Understanding results of number of patent applications

Here you can post your opinions, ask questions and share experiences on the PATSTAT product line. Please always indicate the PATSTAT edition (e.g. 2015 Autumn Edition) and the database (e.g. PATSTAT Online, MySQL, MS SQL Server, ...) you are using.
Post Reply

khanhhienbi
Posts: 13
Joined: Thu Sep 03, 2020 9:49 am

Understanding results of number of patent applications

Post by khanhhienbi » Thu Jun 01, 2023 3:45 pm

Dear PATSTAT community,

I am currently working with the PATSTAT Spring 2023 edition.
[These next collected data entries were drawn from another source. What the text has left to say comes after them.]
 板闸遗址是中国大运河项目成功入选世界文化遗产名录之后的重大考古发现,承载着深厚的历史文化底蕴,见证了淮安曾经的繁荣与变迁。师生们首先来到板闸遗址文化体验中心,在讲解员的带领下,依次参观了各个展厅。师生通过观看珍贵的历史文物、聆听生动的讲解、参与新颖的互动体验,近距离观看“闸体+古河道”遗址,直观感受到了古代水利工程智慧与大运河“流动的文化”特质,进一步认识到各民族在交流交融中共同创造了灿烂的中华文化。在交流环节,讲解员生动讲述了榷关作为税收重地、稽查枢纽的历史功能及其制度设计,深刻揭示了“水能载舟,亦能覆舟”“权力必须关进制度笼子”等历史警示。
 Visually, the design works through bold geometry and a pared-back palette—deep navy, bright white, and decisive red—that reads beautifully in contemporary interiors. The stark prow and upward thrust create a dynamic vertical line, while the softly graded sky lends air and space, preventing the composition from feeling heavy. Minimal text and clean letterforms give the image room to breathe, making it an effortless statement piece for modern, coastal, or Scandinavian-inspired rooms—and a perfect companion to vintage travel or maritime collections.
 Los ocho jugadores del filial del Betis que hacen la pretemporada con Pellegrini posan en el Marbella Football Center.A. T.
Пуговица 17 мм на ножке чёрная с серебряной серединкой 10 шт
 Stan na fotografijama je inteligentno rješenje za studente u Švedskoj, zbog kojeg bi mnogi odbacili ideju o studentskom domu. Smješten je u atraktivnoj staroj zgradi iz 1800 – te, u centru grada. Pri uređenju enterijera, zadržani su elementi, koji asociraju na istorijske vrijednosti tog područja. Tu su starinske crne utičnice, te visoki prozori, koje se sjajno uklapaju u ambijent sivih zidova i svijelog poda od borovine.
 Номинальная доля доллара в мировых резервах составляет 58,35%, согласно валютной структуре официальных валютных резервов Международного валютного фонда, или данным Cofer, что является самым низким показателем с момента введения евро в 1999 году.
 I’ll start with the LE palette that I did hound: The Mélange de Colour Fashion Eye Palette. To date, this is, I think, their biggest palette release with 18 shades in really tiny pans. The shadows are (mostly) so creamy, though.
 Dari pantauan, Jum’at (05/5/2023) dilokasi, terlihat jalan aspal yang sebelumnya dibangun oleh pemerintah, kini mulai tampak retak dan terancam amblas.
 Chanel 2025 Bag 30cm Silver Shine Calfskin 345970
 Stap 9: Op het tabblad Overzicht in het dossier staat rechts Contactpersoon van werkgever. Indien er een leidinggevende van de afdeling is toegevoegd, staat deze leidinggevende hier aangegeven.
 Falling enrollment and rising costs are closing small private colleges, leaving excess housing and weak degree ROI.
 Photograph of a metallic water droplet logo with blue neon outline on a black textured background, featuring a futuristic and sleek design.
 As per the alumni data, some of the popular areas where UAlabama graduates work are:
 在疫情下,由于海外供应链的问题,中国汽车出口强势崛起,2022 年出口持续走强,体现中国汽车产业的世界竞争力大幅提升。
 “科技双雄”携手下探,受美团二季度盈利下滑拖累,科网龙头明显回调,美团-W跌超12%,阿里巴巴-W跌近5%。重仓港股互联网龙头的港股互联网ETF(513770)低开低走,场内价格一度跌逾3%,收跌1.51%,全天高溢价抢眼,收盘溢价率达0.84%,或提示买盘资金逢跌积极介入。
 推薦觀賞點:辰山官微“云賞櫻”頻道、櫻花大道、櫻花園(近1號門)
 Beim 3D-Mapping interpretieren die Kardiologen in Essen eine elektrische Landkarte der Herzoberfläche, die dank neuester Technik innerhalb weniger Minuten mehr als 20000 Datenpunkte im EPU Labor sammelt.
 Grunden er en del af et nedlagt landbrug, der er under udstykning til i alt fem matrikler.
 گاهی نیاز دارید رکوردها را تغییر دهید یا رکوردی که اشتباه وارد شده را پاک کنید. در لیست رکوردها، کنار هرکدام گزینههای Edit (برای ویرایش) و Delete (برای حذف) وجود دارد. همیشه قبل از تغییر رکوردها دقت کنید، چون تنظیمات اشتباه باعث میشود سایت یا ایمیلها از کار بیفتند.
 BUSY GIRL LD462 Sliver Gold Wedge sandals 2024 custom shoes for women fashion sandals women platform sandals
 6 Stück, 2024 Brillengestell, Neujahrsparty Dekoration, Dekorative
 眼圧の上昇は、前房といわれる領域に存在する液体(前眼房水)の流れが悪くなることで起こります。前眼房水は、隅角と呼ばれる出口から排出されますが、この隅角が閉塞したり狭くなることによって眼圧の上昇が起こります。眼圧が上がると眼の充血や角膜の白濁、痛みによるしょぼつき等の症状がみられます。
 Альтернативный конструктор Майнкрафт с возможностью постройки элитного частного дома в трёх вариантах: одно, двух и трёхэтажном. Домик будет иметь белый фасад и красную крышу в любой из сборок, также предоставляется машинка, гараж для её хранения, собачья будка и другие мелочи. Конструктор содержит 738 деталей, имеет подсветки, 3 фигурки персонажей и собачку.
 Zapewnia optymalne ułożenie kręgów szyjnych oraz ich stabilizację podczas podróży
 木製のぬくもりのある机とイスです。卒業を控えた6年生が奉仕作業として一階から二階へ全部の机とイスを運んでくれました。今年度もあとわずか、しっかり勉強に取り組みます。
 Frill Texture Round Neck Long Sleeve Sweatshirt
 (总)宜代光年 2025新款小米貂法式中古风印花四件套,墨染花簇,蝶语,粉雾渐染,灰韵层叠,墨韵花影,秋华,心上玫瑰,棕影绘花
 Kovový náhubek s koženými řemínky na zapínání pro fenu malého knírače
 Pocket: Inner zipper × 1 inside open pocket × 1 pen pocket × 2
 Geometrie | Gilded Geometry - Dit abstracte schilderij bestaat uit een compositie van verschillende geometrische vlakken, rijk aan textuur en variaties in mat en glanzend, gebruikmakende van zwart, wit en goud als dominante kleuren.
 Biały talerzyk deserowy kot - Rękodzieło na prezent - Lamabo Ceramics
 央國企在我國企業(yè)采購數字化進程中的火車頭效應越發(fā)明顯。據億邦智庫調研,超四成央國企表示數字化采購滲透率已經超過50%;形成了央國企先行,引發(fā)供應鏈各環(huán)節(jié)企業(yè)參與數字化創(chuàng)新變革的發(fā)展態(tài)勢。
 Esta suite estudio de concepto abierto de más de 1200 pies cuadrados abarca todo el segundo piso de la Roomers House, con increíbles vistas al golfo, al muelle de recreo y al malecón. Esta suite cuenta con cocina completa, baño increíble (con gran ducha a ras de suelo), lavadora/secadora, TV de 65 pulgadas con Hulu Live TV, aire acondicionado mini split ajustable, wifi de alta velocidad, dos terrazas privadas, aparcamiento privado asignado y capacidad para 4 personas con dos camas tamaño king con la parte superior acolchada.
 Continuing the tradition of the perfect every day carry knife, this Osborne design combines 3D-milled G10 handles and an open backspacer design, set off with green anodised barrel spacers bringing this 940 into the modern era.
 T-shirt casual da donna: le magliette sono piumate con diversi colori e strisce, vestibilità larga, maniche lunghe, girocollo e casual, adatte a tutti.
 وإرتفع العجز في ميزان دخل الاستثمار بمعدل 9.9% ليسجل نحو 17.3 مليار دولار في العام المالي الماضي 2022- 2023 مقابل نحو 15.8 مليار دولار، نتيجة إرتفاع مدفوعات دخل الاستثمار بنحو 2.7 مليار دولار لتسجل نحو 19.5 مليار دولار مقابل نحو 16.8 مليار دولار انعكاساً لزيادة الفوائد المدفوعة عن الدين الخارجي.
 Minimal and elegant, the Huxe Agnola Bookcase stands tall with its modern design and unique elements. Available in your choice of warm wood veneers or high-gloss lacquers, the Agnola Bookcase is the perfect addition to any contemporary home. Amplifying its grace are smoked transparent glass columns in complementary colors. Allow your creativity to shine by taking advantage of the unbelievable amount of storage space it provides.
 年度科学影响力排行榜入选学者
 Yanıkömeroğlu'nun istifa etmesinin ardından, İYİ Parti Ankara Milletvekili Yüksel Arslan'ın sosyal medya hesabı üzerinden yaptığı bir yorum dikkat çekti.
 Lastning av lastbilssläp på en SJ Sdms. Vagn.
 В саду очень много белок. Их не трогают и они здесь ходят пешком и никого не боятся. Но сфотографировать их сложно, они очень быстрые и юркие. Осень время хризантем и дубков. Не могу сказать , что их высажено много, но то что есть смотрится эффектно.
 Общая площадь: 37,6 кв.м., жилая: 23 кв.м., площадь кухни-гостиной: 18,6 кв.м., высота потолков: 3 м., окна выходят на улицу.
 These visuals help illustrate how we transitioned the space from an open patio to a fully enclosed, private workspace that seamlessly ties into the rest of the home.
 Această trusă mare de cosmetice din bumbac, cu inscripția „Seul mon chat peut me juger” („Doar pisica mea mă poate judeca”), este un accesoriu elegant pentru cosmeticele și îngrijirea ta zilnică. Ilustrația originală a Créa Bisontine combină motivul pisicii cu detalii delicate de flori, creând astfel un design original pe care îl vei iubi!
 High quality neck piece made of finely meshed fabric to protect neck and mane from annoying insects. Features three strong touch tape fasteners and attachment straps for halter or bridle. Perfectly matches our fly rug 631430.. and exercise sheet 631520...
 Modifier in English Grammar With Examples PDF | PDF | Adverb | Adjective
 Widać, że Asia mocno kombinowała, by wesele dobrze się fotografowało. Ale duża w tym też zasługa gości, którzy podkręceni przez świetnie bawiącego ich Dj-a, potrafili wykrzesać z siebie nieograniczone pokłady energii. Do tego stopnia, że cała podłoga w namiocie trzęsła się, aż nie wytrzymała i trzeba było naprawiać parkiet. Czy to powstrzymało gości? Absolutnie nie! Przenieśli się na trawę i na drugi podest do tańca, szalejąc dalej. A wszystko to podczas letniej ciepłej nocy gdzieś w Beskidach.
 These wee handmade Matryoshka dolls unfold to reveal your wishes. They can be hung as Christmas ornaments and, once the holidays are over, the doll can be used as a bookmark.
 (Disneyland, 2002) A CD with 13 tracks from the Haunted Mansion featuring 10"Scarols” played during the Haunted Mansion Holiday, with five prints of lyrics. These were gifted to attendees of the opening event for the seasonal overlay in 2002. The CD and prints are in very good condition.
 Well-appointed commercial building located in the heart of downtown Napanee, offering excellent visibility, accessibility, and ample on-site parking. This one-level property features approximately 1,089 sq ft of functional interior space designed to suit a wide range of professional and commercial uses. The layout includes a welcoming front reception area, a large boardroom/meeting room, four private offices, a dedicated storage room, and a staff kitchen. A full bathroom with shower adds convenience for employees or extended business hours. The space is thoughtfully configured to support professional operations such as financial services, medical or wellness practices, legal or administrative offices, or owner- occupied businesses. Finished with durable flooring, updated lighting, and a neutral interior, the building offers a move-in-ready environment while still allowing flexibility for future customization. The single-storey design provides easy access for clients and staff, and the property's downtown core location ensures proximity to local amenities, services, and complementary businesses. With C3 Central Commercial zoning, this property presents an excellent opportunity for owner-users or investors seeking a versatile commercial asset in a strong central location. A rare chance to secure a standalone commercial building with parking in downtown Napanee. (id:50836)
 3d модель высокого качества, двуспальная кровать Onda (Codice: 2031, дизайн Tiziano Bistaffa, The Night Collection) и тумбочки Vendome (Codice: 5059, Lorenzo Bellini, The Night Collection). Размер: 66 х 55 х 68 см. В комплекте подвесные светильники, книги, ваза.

I would like to get the number of patent applications filed by Netherlands companies in the pharmaceutical field for the period of 12 years, from 2011 to 2022. Here are my codes:

Code: Select all

SELECT psn_name, person_ctry_code, appln_auth,
COUNT(distinct(case when t1.appln_filing_year = 2011 then t1.appln_id end)) as '2011',
COUNT(distinct(case when t1.appln_filing_year = 2012 then t1.appln_id end)) as '2012', 
COUNT(distinct(case when t1.appln_filing_year = 2013 then t1.appln_id end)) as '2013',
COUNT(distinct(case when t1.appln_filing_year = 2014 then t1.appln_id end)) as '2014',
COUNT(distinct(case when t1.appln_filing_year = 2015 then t1.appln_id end)) as '2015',
COUNT(distinct(case when t1.appln_filing_year = 2016 then t1.appln_id end)) as '2016',
COUNT(distinct(case when t1.appln_filing_year = 2017 then t1.appln_id end)) as '2017',
COUNT(distinct(case when t1.appln_filing_year = 2018 then t1.appln_id end)) as '2018',
COUNT(distinct(case when t1.appln_filing_year = 2019 then t1.appln_id end)) as '2019',
COUNT(distinct(case when t1.appln_filing_year = 2019 then t1.appln_id end)) as '2020',
COUNT(distinct(case when t1.appln_filing_year = 2019 then t1.appln_id end)) as '2021',
COUNT(distinct(case when t1.appln_filing_year = 2019 then t1.appln_id end)) as '2022'
FROM   tls201_appln t1 JOIN  tls230_appln_techn_field on t1.appln_id = tls230_appln_techn_field.appln_id
join tls207_pers_appln on t1.appln_id = tls207_pers_appln.appln_id
join tls206_person on tls207_pers_appln.person_id = tls206_person.person_id
WHERE
tls230_appln_techn_field.techn_field_nr = 16--> number used for techn_field = 'Pharmaceutical'
AND t1.appln_filing_year between 2011 and 2022
and applt_seq_nr > 0 and invt_seq_nr = 0
and person_ctry_code = 'NL'
group by psn_name, person_ctry_code, appln_auth
I'm not sure why some companies that have values of 0 for every year in the time period specified are included in the dataset?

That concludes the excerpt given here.